Hi, I am trying to maximize inference throughput on a GPU for my undergrad thesis analysis. On TensorFlow, I managed to “overlap” data loading and GPU computation. However, I can’t seem to do this on PyTorch.
Essential code:
my_net = torch.load(some_file)
my_net.cuda()
class MyDataset(Dataset):
def __len__(self):
return 100000
def __getitem__(self,idx):
image = np.random.randn(3,224,224).astype(np.float32)
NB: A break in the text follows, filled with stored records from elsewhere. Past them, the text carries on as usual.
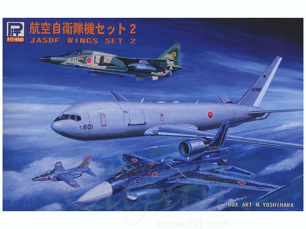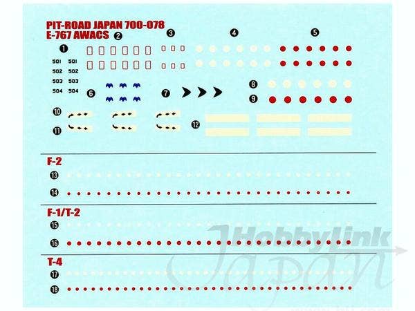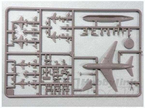 A set of 1/700 scale aircraft for use with ship models or dioramas. This set includes: 3 Boeing 767 aircraft, with parts to build them as either KC-767J tankers or E-767 AWACS aircraft; 6 each Mitsubishi F-1, Mitsubishi F-2 and Kawasaki T-4 aircraft; three full Patriot Missile batteries (each consisting of 4 trucks and two trailers); and three each Type 96 APC, 20mm Vulcan Air Defense System turret and radar truck for the VADS. Decals included.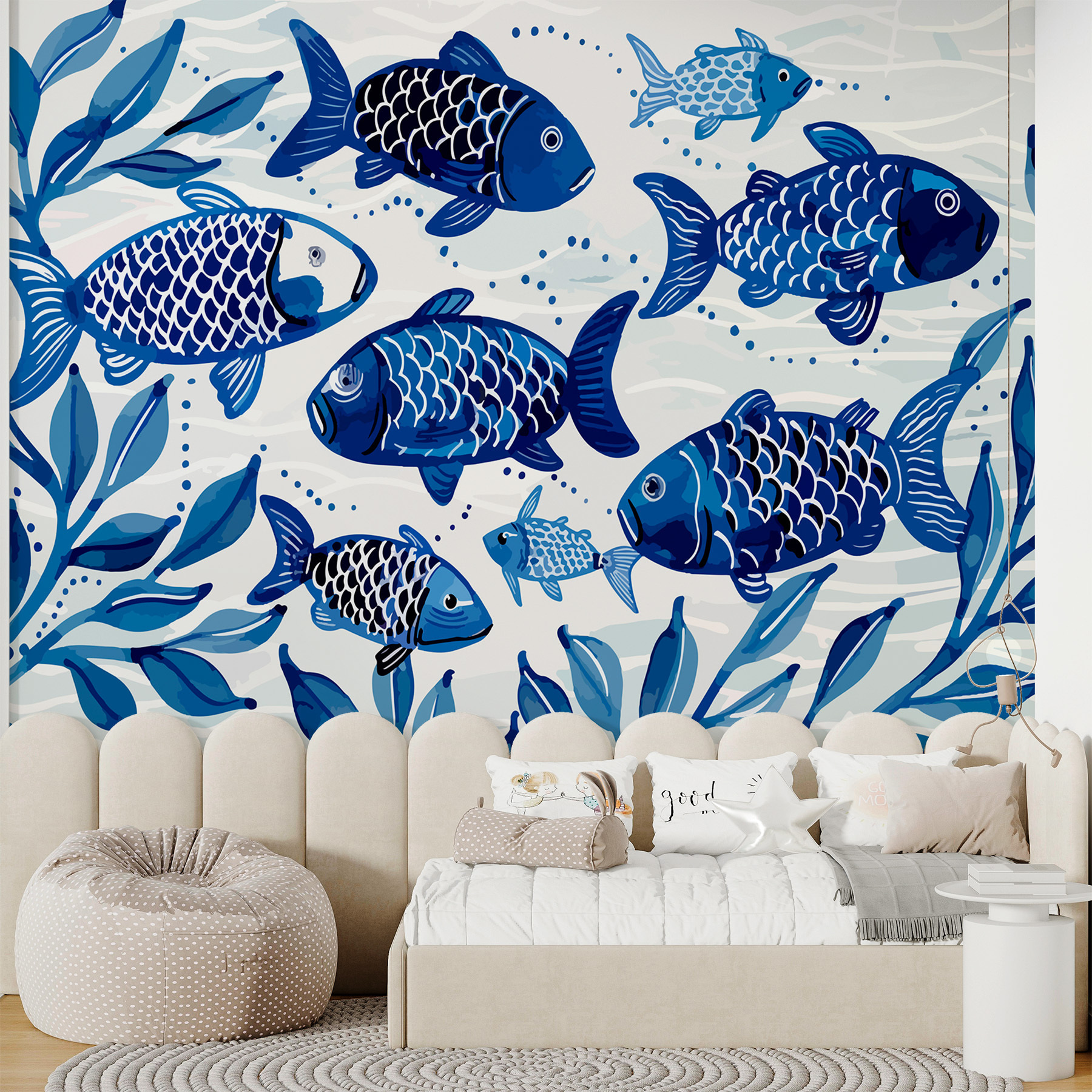 Imagine a sua parede transformada num país das maravilhas subaquático com um cardume de peixes azuis a deslizar sem esforço. Este mural é como um toque de magia do oceano – perfeito para aqueles que sonham com fugas à beira-mar. As vibrações da aguarela fazem com que se sinta quase como se estivesse a descansar com os dedos dos pés na areia, com uma suave brisa do mar a sussurrar segredos. Não se trata apenas de decoração; é uma pequena fuga sempre que se olha para ela. Ideal para uma sala de estar acolhedora ou para um quarto com tema de praia, é como ter o seu próprio aquário pessoal, sem o horário de alimentação!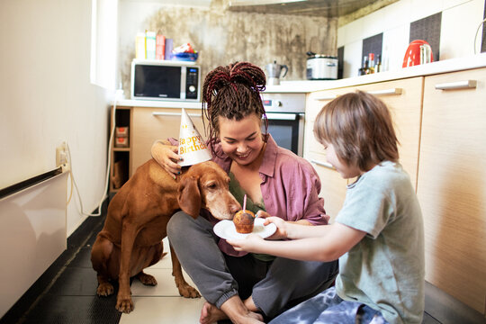 Family celebrating dog's birthday with cupcake and party hat in the kitchen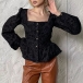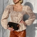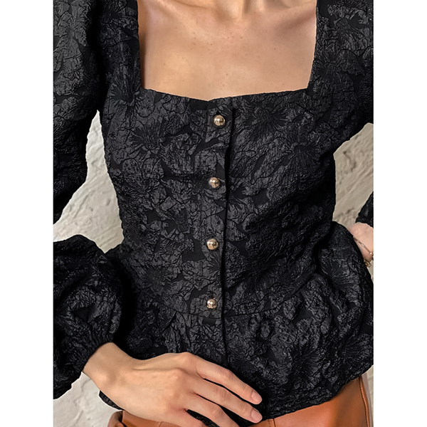 Vintage Square Neck Puff Long Sleeve Jacquard Blouse
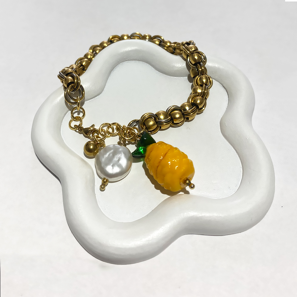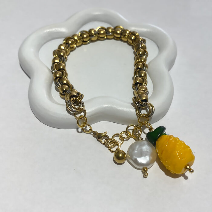 Pineapple βραχιόλι με ιδιαίτερη αλυσίδα χρυσή με ασημί λεπτομέρειες και κρεμαστό ανανά γυάλινο από ανοξείδωτο ατσάλι. Συνδυάζεται με όλα τα κοσμήματα σας. Όλα τα υλικά είναι υποαλλεργικά και δεν μαυρίζουν. Κάθε κόσμημα από το κατάστημά μας κατασκευάζεται και επιλέγεται από εμάς για εσάς με αγάπη. Γι’ αυτό το κάθε κόσμημα που επιλέγετε, σας έρχεται σε κουτί συσκευασίας δώρου από το tesera.gr!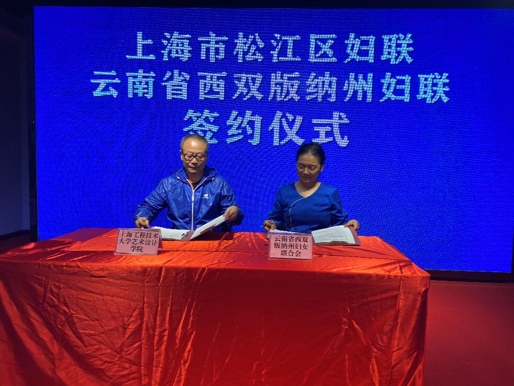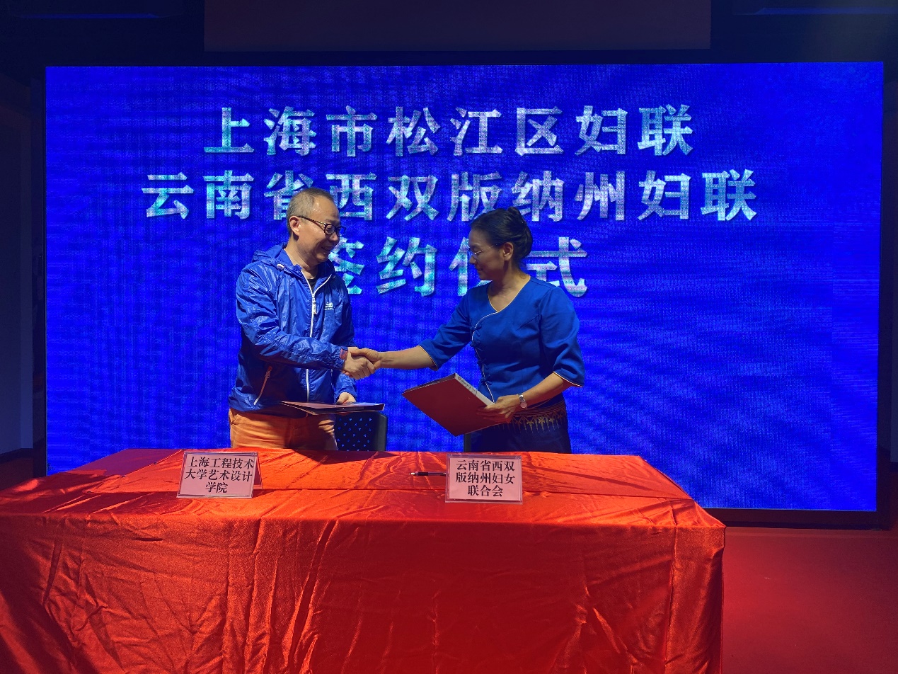 2020年8月24号,松江区妇联与西双版纳州妇联签约仪式在西双版纳州聚匠非遗文化交流传播中心举行,双方就对口扶贫协作工作情况及今后帮扶协作意向进行了深入交流和探讨,签订了《云南西双版纳文化创意产品合作协议》。艺术设计学院党委副书记、院长高瞩教授作为高校代表与云南省西双版纳州妇女联合会共同签署了《关于“松江—西双版纳”地校合作意向书》。两项协议的签署旨在促进文化创意产业的开发和创新,助力女性创新创业,丰富扶贫协作举措,更好地促进云南当地文化创业产业深度开发和创新,服务当地经济社会生活。。

return torch.from_numpy(image)
def run_inference(imgs):
batch = Variable(imgs,volatile=True)
r = my_net.forward(batch.cuda(async=True))
r.cpu()
my_dataset = MyDataset()
dataset_loader = torch.utils.data.DataLoader(my_dataset,
batch_size=FLAGS.batch_size,
shuffle=False,
num_workers=8,
pin_memory=True)
dataset_iter = iter(dataset_loader)
for i, data in enumerate(dataset_loader):
run_inference(data)
For instance, I’m trying alexnet inference with batch size of 128 and I am getting 70ms per batch, out of which ~13ms is moving data from host to GPU. Would it be possible to avoid this by overlapping data copying and GPU computations? How?
Thanks!